Magdalena Atria’s first solo exhibition in Miami presents us with a well-balanced display of her most recent works. Living and working in Santiago de Chile, Atria has developed a significant local and international career, with multiple solo exhibitions and participation in important international exhibitions at venues such as The Museum of Contemporary Art, MOCA (Los Angeles), The Jack S. Blanton Museum of Art (Austin), Chateau de Tours (Tours, France), Bienal de Mercosul (Porto Alegre, Brasil), among others. She also participated recently in the public art exhibition The Sky Within my House, curated by Gerardo Mosquera in Córdoba, Spain.
Atria’s work connects with the modernist tradition of geometric abstraction, but with the express intent to relate it to specific visual situations encountered in the world. Abstraction within the modernist tradition searched for the absolute, for a disembodied realm of pure relations and correspondences, while Atria’s interest focuses not on the possibility of approaching pure relations but rather on its impossibility. The images, objects and materials she uses either already have or actually acquire in her work this double condition of actuality and ideality, and they manifest the tension which keeps us permanently bound to one and desiring the other.
Some constants within Atria’s work are the tension between the rational and the emotional, the collective and the personal, the real and the ideal, and between the formal and the symbolic: these notions are explored in different media, always with a particular emphasis on materials and processes.

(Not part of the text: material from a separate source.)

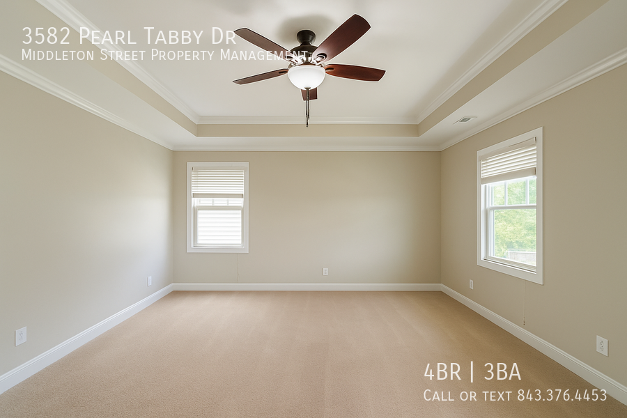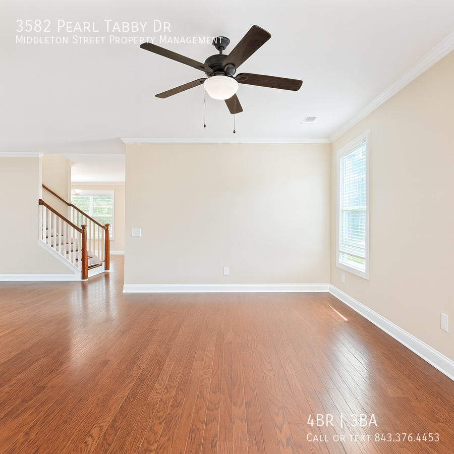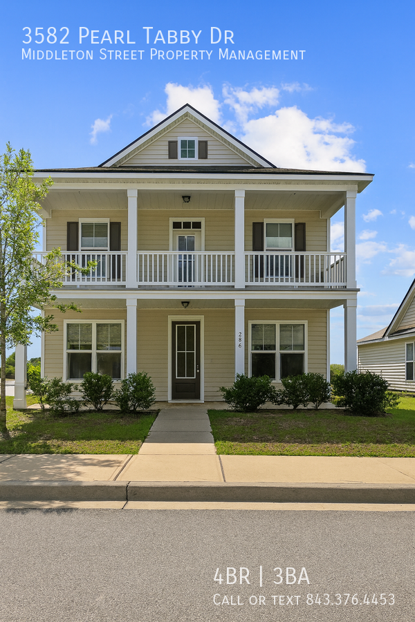 Welcome to this beautifully crafted home at 3582 Pearl Tabby Drive in the Oyster Bluff Community. This spacious residence offers 4 bedrooms and 3 full baths, with one bedroom and bathroom conveniently located on the main floor. Enjoy elegant finishes throughout, including hardwood floors in the main living areas, tile in wet areas, and plush carpet in select rooms. The kitchen features granite countertops with a large island, walk-in pantry, and stainless steel appliances—perfect for both daily living and entertaining.

All this can be seen in the different pieces that compose the present exhibition, “Monstrous Moonshine”, at Alejandra Von Hartz Gallery. The main piece, which gives its name to the show, is a large-scale painting made with plasticine (non-hardening modeling clay) directly attached to the wall of the gallery. Plasticine, a kind of modeling clay commonly used by children at a very young age for making small figures or similar crafts, is a material Atria has been working with for some time now, creating paintings with intricate surfaces composed of highly detailed and precise abstract images. The tension between this “silly”, childish material and a controlled geometric order is one important aspect of the work, another one being the vulnerability of a material that never hardens and therefore stays always in a state of indeterminacy.
In other pieces in the show, everyday objects such as books are transformed by applying to them the geometry of paper ornaments and minimalist sculpture (Minimal Bibliography), and photographed window fences with geometric designs are isolated from their functional environment by cutting the prints and flattening the illusionistic space of the photograph, thus relating those specific daily life situations with the idealistic language of modernist geometric abstraction (Popular Geometry).
Sidereus Nuncius, a series of drawings on silver foil, reproduce the five drawings made by Galileo after his first observations of the moon through a telescope. These images showed for the first time the real aspect of the moon as opposed to the ideal image of white perfection believed about it for centuries, becoming in this way for Atria a symbol of the tension between ideality and actuality.
In mathematics ‘monstrous moonshine’ is a term devised by John H. Conway and Simon P. Norton in 1979, used to describe the (then totally unexpected) connection between the monster group M and modular functions. The term ‘monstrous moonshine’ was picked to convey the feelings from the bizarre relations between seemingly unrelated structures. The same spirit of connecting apparently unrelated situations, at times revealing deeper links and at times constructing them, permeates through Atria’s work in this exhibition.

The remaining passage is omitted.